== About this task ==
Write all entries out exactly, images excluded.

== Entries shown ==
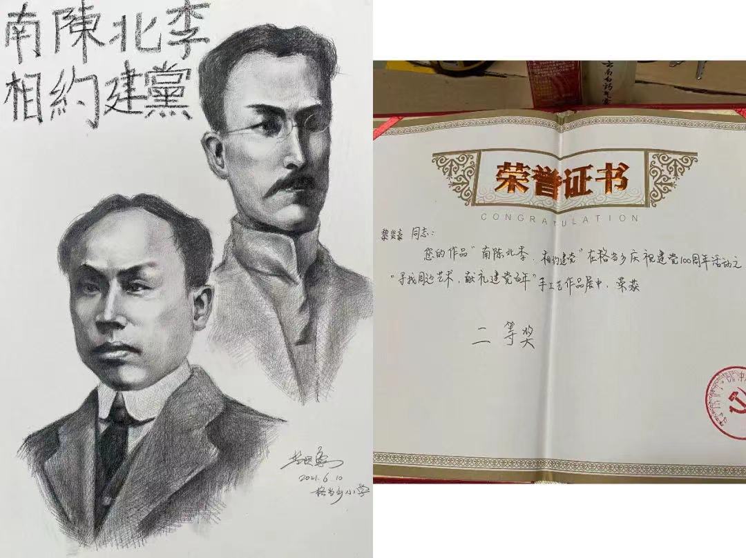为庆祝中国共产党成立100周年,格当乡政府举办了“寻找周边艺术,献礼建党百年”的手工艺术作品展览,我的作品《南陈北李,相约建党》在此次活动中荣获二等奖,我感到非常高兴,能够在这个盛大的节日里用作品表达对党和人民的热爱!
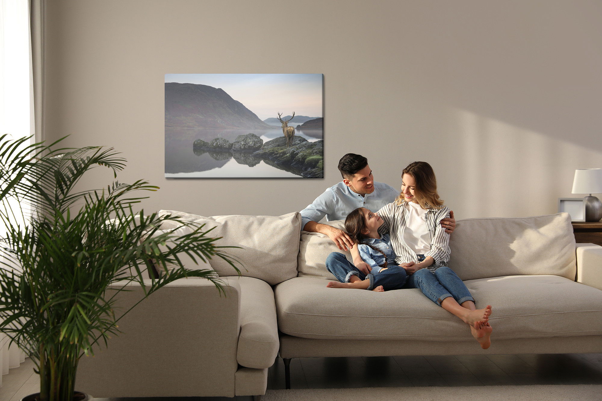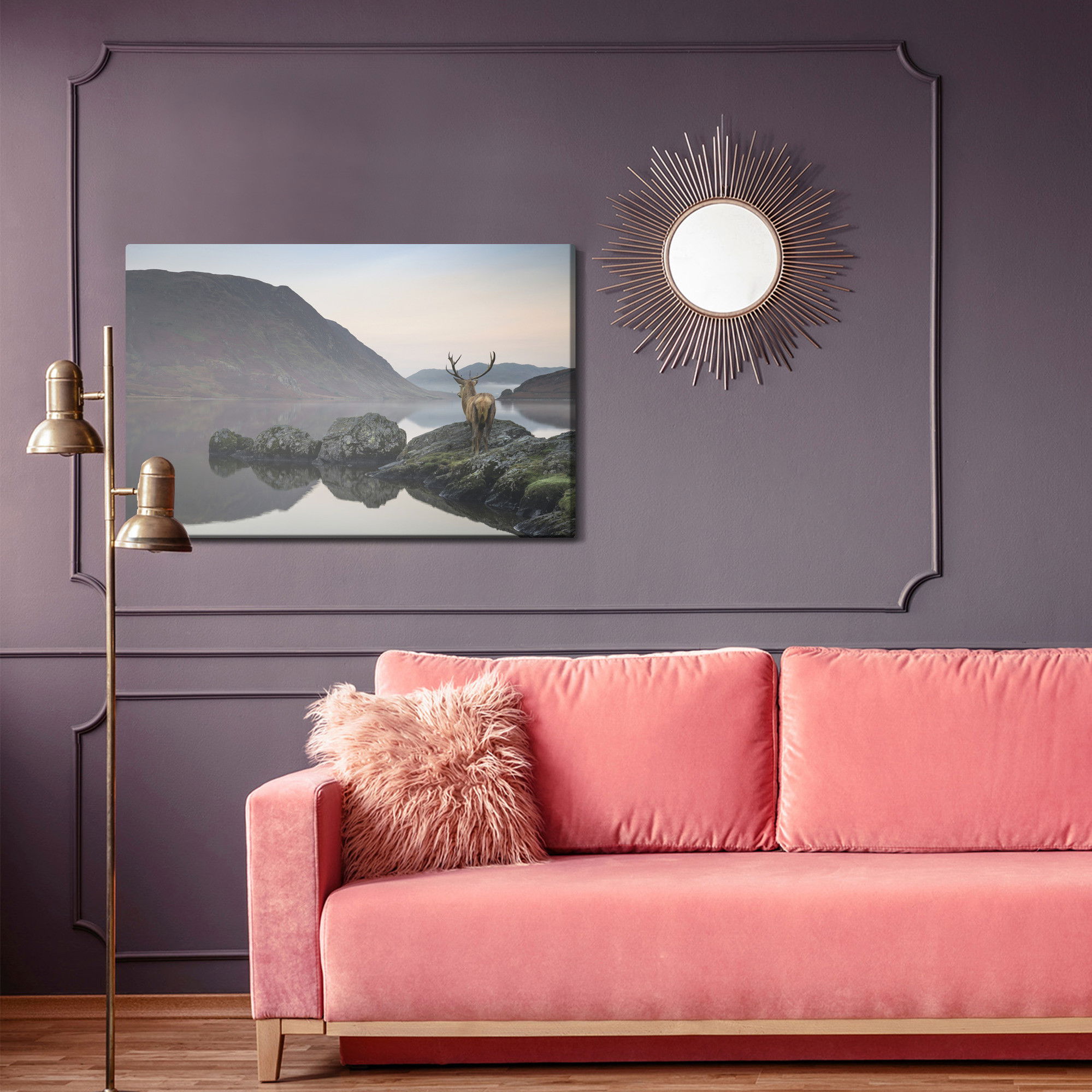 Varje tavla monteras på en massiv fururam. Format upp till 70×50 cm har en ram på 15 mm, medan format från 90×60 cm och uppåt har en ram på 20 mm. Den exakta dukspänningen gör att tavlan håller sin form över tid. Motivet Deer by the lake trycks runt hela ramen vilket ger ett stilrent galleriuttryck där tavlan är lika vacker från sidan som framifrån. Kombinationen av rak dukspänning, rena linjer och korrekt tryck ger en professionell finish.
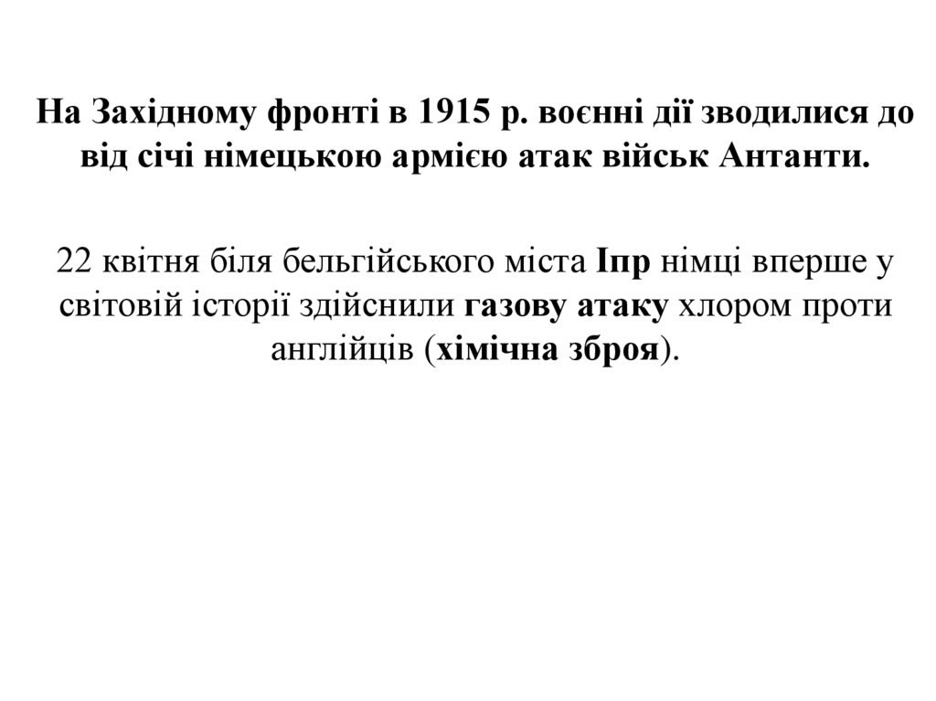На Західному фронті в 1915 р. воєнні дії зводилися довід січі німецькою армією атак військ Антанти.
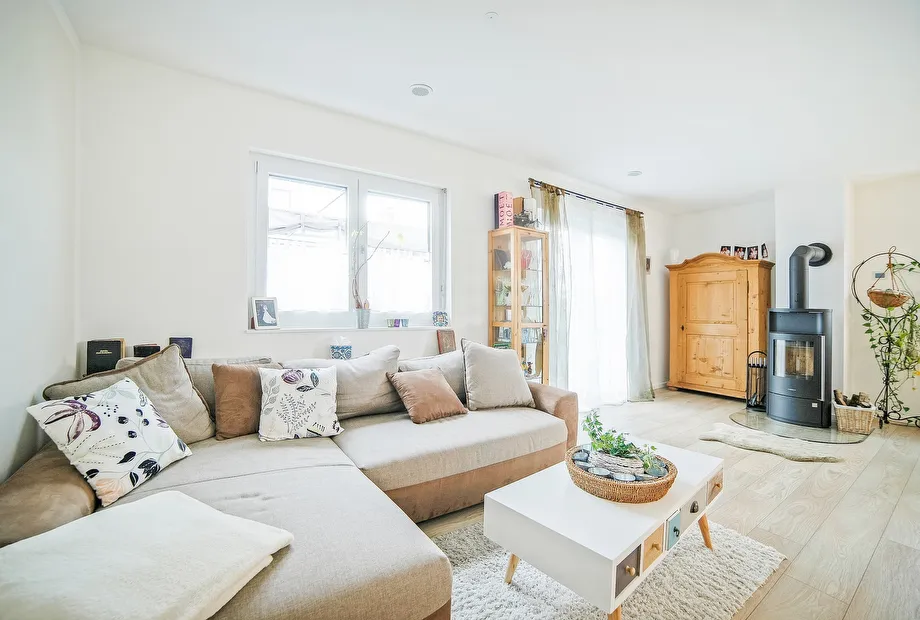 Im Erdgeschoss befindet sich der mit 45 m² großzügige Wohn-/ und Essbereich mit offen gestalteter Küche. Hier hält sich Familie Miceli am liebsten auf. Möbliert wurde das Reihenendhaus von Baufamilie Miceli im schicken Retro-Look. Die Kunststoffschalenstühle im Essbereich sind stylisch und pflegeleicht zugleich. Der strapazierfähige Vinylboden in Holzoptik unterstreicht das gemütliche Ambiente. Weiße Türen, Wände, Gardinen und Küchenmöbel bieten den perfekten Rahmen für ein helles und lichtes Raumgefühl. Durch ein halbhohes Wandelement wird eine gemütliche Fernsehecke gebildet. Den Wunsch nach einem Kaminofen hat sich Baufamilie Miceli ebenfalls erfüllt. Der Küchenbereich in L-Form mit Kochinsel bietet viel Abstell-/ und Arbeitsfläche. Gleichzeitig sind genügend Schränke für alle Küchenutensilien vorhanden.
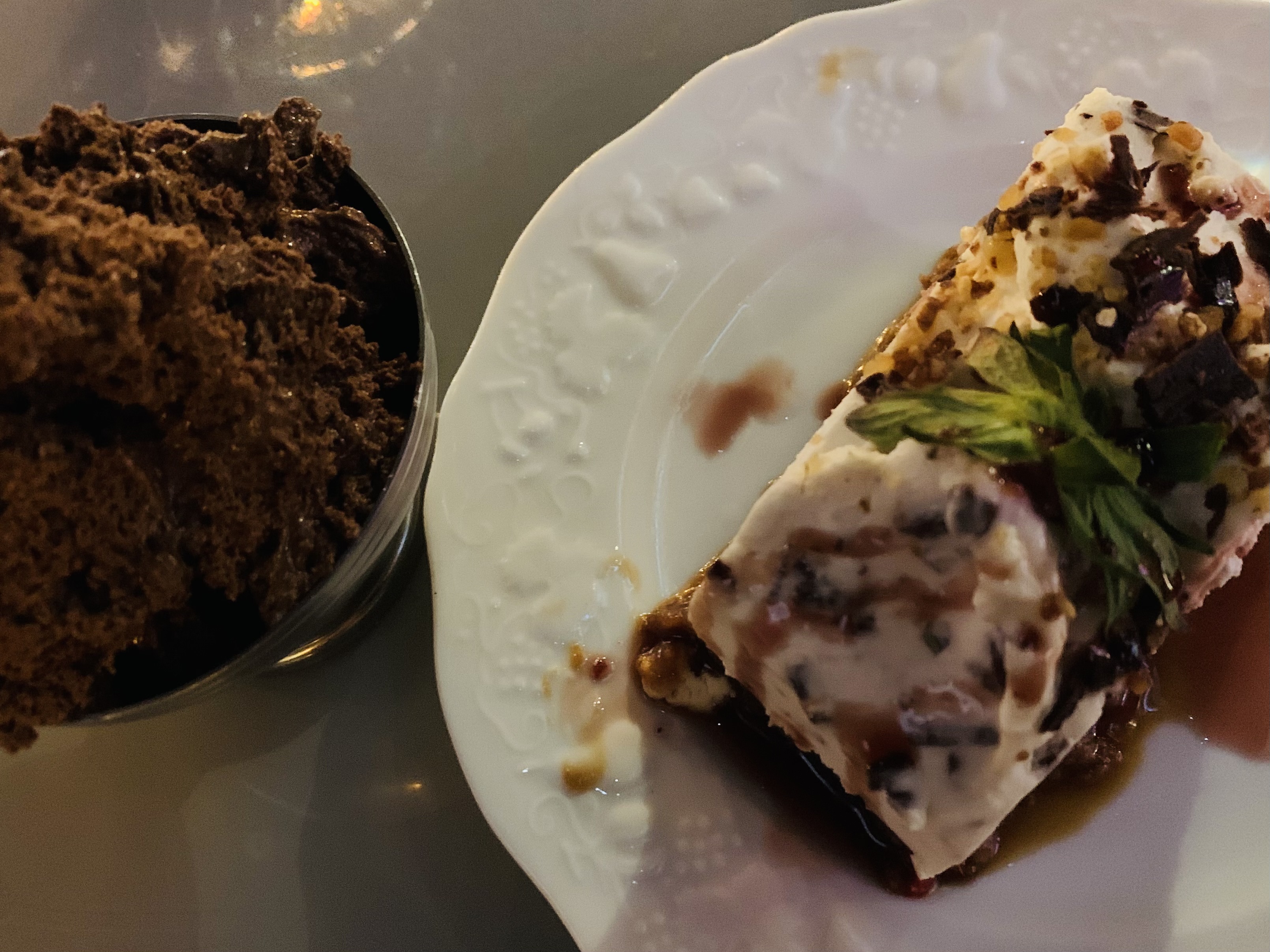 salade de lentilles / tartare de poisson / saucisse à l‘ail des ours / les œufs „mémère“ / mousse au chocolat / le….fe.

== Answer ==
为庆祝中国共产党成立100周年,格当乡政府举办了“寻找周边艺术,献礼建党百年”的手工艺术作品展览,我的作品《南陈北李,相约建党》在此次活动中荣获二等奖,我感到非常高兴,能够在这个盛大的节日里用作品表达对党和人民的热爱!
 Varje tavla monteras på en massiv fururam. Format upp till 70×50 cm har en ram på 15 mm, medan format från 90×60 cm och uppåt har en ram på 20 mm. Den exakta dukspänningen gör att tavlan håller sin form över tid. Motivet Deer by the lake trycks runt hela ramen vilket ger ett stilrent galleriuttryck där tavlan är lika vacker från sidan som framifrån. Kombinationen av rak dukspänning, rena linjer och korrekt tryck ger en professionell finish.
На Західному фронті в 1915 р. воєнні дії зводилися довід січі німецькою армією атак військ Антанти.
 Im Erdgeschoss befindet sich der mit 45 m² großzügige Wohn-/ und Essbereich mit offen gestalteter Küche. Hier hält sich Familie Miceli am liebsten auf. Möbliert wurde das Reihenendhaus von Baufamilie Miceli im schicken Retro-Look. Die Kunststoffschalenstühle im Essbereich sind stylisch und pflegeleicht zugleich. Der strapazierfähige Vinylboden in Holzoptik unterstreicht das gemütliche Ambiente. Weiße Türen, Wände, Gardinen und Küchenmöbel bieten den perfekten Rahmen für ein helles und lichtes Raumgefühl. Durch ein halbhohes Wandelement wird eine gemütliche Fernsehecke gebildet. Den Wunsch nach einem Kaminofen hat sich Baufamilie Miceli ebenfalls erfüllt. Der Küchenbereich in L-Form mit Kochinsel bietet viel Abstell-/ und Arbeitsfläche. Gleichzeitig sind genügend Schränke für alle Küchenutensilien vorhanden.
 salade de lentilles / tartare de poisson / saucisse à l‘ail des ours / les œufs „mémère“ / mousse au chocolat / le….fe.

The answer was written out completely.